Ao prestar depoimento no Tribunal Superior Eleitoral (TSE), o marqueteiro João Santana e sua esposa Mônica Moura confirmaram, segundo os fatos noticiados, que a então candidata Dilma Rousseff (PT) tinha pleno conhecimento dos pagamentos ilícitos feitos em sua campanha eleitoral. Em pronta resposta, a ex-presidente emitiu nota dizendo que os depoentes “faltaram com a verdade”. Sim, a política no Brasil virou uma grande mentira. E não será uma retórica vazia – flagrantemente desviada de nossa triste realidade corrompida – que resgatará a credibilidade da vida pública nacional.

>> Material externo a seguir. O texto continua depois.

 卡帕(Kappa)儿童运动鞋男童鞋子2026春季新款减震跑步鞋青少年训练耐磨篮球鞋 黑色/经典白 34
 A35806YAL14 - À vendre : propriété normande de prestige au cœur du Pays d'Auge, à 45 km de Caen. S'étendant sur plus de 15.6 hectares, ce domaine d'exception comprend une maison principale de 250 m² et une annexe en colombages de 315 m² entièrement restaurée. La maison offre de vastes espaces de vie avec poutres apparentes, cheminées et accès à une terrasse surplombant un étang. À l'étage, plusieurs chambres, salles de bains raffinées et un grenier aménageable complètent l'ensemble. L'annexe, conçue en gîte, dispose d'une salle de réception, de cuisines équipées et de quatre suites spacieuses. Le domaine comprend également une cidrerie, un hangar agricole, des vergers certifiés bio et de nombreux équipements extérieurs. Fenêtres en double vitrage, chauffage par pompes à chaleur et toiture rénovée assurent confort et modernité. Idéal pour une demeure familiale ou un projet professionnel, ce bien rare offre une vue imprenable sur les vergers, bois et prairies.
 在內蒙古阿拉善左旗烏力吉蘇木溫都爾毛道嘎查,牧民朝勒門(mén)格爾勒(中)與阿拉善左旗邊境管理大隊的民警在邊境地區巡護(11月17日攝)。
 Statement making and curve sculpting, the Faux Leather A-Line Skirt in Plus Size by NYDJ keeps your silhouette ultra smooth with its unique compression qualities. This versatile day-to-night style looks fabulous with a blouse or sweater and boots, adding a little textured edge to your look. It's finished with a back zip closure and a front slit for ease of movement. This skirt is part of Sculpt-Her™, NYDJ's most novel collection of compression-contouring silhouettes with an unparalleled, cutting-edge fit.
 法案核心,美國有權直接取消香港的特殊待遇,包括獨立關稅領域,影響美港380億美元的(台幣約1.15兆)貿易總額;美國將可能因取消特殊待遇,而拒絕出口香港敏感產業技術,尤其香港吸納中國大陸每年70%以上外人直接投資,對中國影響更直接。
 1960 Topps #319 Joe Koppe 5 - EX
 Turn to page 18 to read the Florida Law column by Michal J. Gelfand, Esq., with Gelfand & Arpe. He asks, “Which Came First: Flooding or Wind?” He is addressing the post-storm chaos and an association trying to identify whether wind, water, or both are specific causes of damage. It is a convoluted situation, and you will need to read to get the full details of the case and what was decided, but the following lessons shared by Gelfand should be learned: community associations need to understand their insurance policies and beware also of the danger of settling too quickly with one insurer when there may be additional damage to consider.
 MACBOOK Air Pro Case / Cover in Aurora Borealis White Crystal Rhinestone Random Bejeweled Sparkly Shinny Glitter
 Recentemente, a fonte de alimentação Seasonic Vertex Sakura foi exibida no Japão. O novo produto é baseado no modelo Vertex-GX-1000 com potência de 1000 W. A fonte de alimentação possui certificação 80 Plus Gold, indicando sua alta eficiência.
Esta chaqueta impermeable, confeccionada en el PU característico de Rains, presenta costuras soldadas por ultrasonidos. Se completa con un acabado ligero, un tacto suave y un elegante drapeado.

A receita é simples: chega de cinismo porque as pessoas estão cansadas de serem enganadas. Ninguém espera milagres da política, mas a democracia traz consigo o sincero desejo interior de querer acreditar nas lideranças públicas. Eis aí o maior crime político dos atuais canalhas de plantão: estão matando o sentimento de esperança que eleva o ideal democrático e que faz da política o espaço de realização do bem comum.
Se quisermos resgatar a respeitabilidade das instituições nacionais, temos que recompor o imperativo da verdade na ação política responsável. Aqui, a memória lança luzes sobre a histórica entrevista de Václav Havel, publicada pelo Le Monde em abril de 1983; após passar quase quatro anos preso por ter cometido o “delito” de se opor ao regime comunista tcheco, Havel revelou que, antes de fazer parte de uma ideologia, doutrina ou partido, ele meramente optou pelo lado da verdade contra a mentira.
Chega. É preciso acabar com a farsa da política brasileira. Os discursos são uma mentira; as contas de campanha são uma mentira; os partidos são uma mentira; e os políticos, em larga medida, são uma mentira corrupta. Enfim, não há como ter uma democracia autêntica nesse palco de falsidades venais. Por tudo, a corrosão do tecido político brasileiro exige uma nova postura cívica de nossa parte. Não adianta só ficar revoltado no sofá e pensar que a política irá mudar por críticas inflamadas. Não, definitivamente não. Palavras são importantes, mas o que muda a política são as ações concretas.
A retomada da credibilidade na vida pública nacional pressupõe, além de um discurso pautado por premissas de verdade, o surgir de lideranças exemplares e virtuosas. Infelizmente, a acintosa indignidade política que marca a presente quadra histórica está criando um clima de ceticismo generalizado: as pessoas estão começando a duvidar de tudo e não acreditam mais em ninguém. O grave é que esse vazio de confiança democrática pode vir a ser preenchido pelos piores populismos, comprometendo a realização eficaz dos direitos da liberdade.
Em tempos de outrora, foi dito que se o voto resolvesse os nossos problemas, seria considerado ilegal. Sim, votar é essencial, mas está longe de ser uma condição suficiente à democracia plena. Aliás, os recentes casos de corrupção que enojam os brasileiros de bem são a prova viva de que as eleições podem ser transformadas em um decadente jogo de cartas marcadas. Os donos do poder não brincam em serviço. Uma vez concedido o direito de voto, foi preciso controlar o resultado das urnas. Para tanto, bastou comprar uma maioria parlamentar de empreitada que pelas benesses da política aceitam qualquer negócio. Dito e feito. Ao invés de eleições dignas, passamos a ter um grande cassino eleitoral.
A classe política que aí está não tem salvação; são filhos de um modelo patrimonialista estúpido que escravizou a cidadania brasileira na senzala da indecência absoluta. Novos tempos e hábitos hão de surgir, mas teremos que fazer uma inevitável travessia. Se geração de Tancredo, Montoro, Ulysses, Covas, Brossard e tantos outros lutaram pela redemocratização do Brasil, cabe a nós dar cores de verdade a esse ideal que anda tão cinzento. Não será fácil, mas valerá a pena, pois são, nos desafios do presente, que a humanidade encontra forças para fazer do impossível uma oportunidade real.
Ou seremos tão covardes a ponto de desistir sem tentar?